Machine Learning for Factor Investing R Version
By Guillaume Coqueret, Tony Guida

ISBN 9780367545864
342 Pages
Published September 1, 2020 by Chapman & Hall

Machine learning (ML) is progressively reshaping the fields of quantitative finance and algorithmic trading. ML tools are increasingly adopted by hedge funds and asset managers, notably for alpha signal generation and stocks selection. The technicality of the subject can make it hard for non-specialists to join the bandwagon, as the jargon and coding requirements may seem out-of-reach. Machine learning for factor investing: Python (R) version bridges this gap. It provides a comprehensive tour of modern ML-based investment strategies that rely on firm characteristics.

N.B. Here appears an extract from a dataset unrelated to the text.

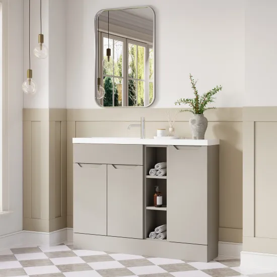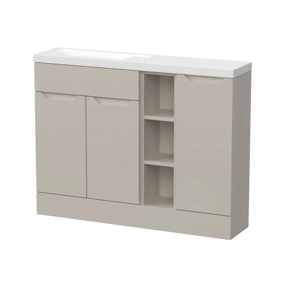 Nuie Lux Loave 1100mm Handleless Pebble Grey Combination Unit & Basin with Soft Close Doors

The book covers a wide array of subjects which range from economic rationales to rigorous portfolio back-testing and encompass both data processing and model interpretability. Common supervised learning algorithms such as tree models and neural networks are explained in the context of style investing and the reader can also dig into more complex techniques like autoencoder asset returns, Bayesian additive trees and causal models.

All topics are illustrated with self-contained Python code samples and snippets that are applied to a large public dataset that contains over 90 predictors. The material is available online so that readers can reproduce and enhance the examples at their convenience. If you have even a basic knowledge of quantitative finance, this combination of theoretical concepts and practical illustrations will help you learn quickly and deepen your financial and technical expertise.

Guillaume Coqueret is associate professor of finance and data science at EMLYON Business School. His recent research revolves around applications of machine learning tools in financial economics.

Tony Guida is co-head of Systematic Macro at RAM Active Investments. He is the editor and co-author of Big Data and Machine Learning in Quantitative Investment.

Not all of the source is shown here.